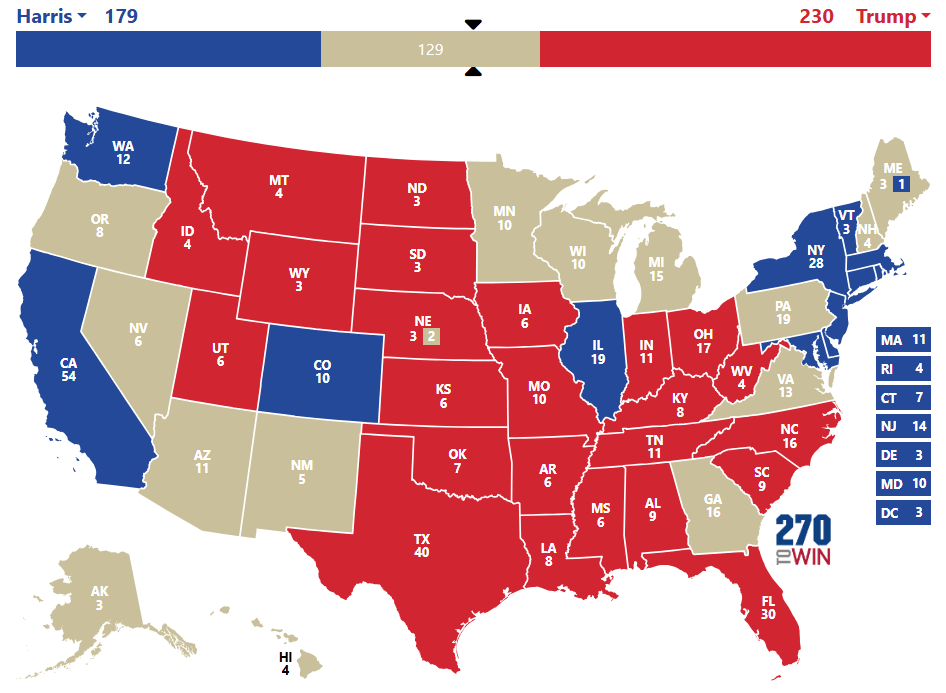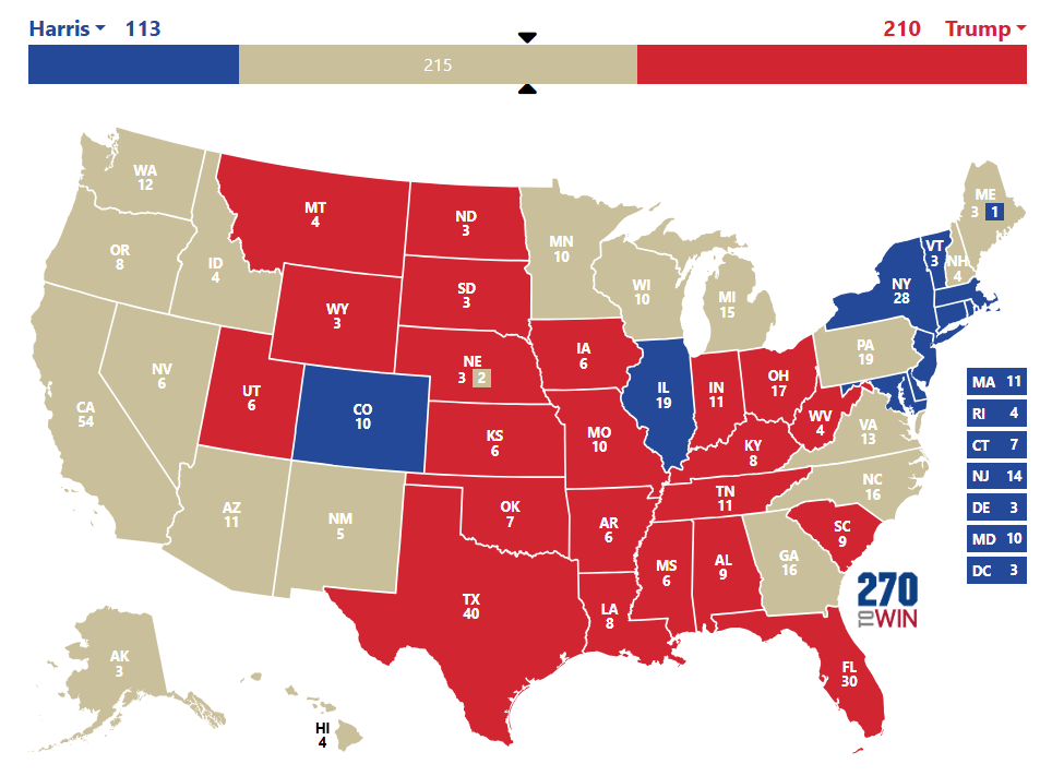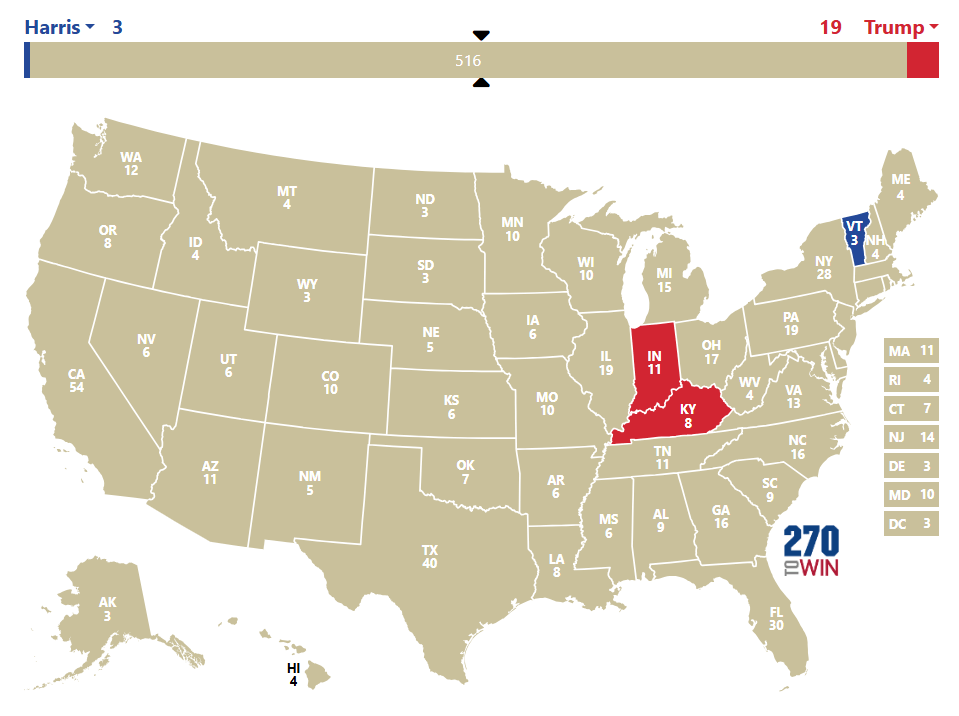 1h10 : Donald Trump remporte le Kentucky et l’Indiana qui représentent 19 Grands Electeurs. Harris remporte 3 Grands Electeurs dans le Vermont. Ce sont des états que chaque candidat devait remporter.
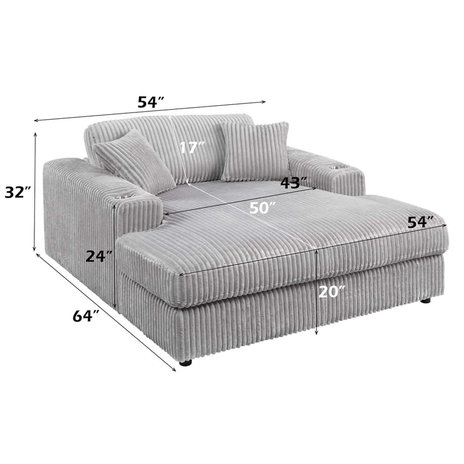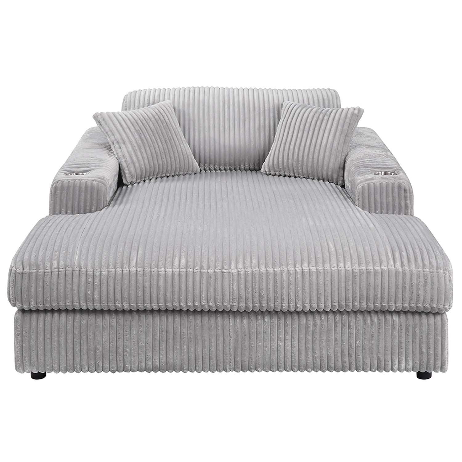 Hilde Chaise w/2 Pillows, Light Gray Corduroy
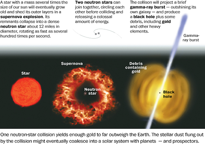 All the gold in the cosmos may have come from stellar cataclysms -- the collision of two neutron stars, which sends bursts of particles and radiation into the universe.
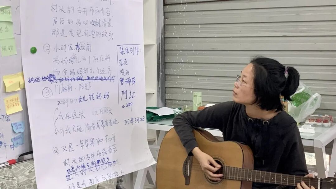 而在活动结束前,大家也约定参加下一次的音乐工作坊,将歌词不断打磨完善并谱曲弹唱,尝试创作更多属于女工自己的歌曲,唱出大“家”的故事。
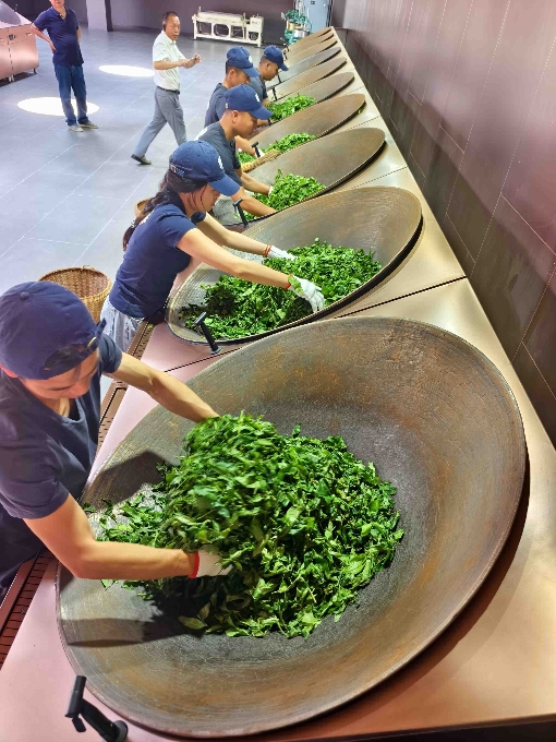 记者也戴上手套,亲自体验了炒茶杀青的工序,在师傅的指导下翻炒鲜叶,亲身感受传统制茶工艺的魅力。
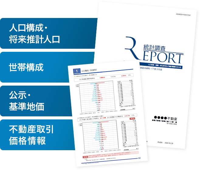 | 人口・世帯などの国勢調査情報や公示・基準地価などをまとめたレポート ・人口構成 ・将来推計人口 ・世帯構成 ・乗降客数 ・商業統計 ・公示・基準地価 ・取引価格情報 |
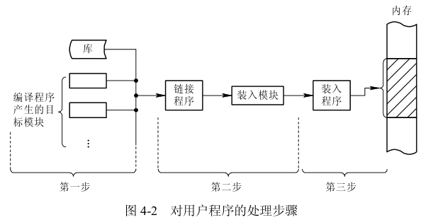 在多道程序环境下,要使程序运行,必须先为之创建进程。而创建进程的第一件事,便是将程序和数据装入内存。如何将一个用户源程序变为一个可在内存中执行的程序,通常都要经过以下几个步骤:
──────────
The output must start at the line holding "Hilde Chaise w/2", end at the last line of the listing above, and show each line exactly; please omit all pictures.

 Hilde Chaise w/2 Pillows, Light Gray Corduroy
 All the gold in the cosmos may have come from stellar cataclysms -- the collision of two neutron stars, which sends bursts of particles and radiation into the universe.
 而在活动结束前,大家也约定参加下一次的音乐工作坊,将歌词不断打磨完善并谱曲弹唱,尝试创作更多属于女工自己的歌曲,唱出大“家”的故事。
 记者也戴上手套,亲自体验了炒茶杀青的工序,在师傅的指导下翻炒鲜叶,亲身感受传统制茶工艺的魅力。
 | 人口・世帯などの国勢調査情報や公示・基準地価などをまとめたレポート ・人口構成 ・将来推計人口 ・世帯構成 ・乗降客数 ・商業統計 ・公示・基準地価 ・取引価格情報 |
 在多道程序环境下,要使程序运行,必须先为之创建进程。而创建进程的第一件事,便是将程序和数据装入内存。如何将一个用户源程序变为一个可在内存中执行的程序,通常都要经过以下几个步骤:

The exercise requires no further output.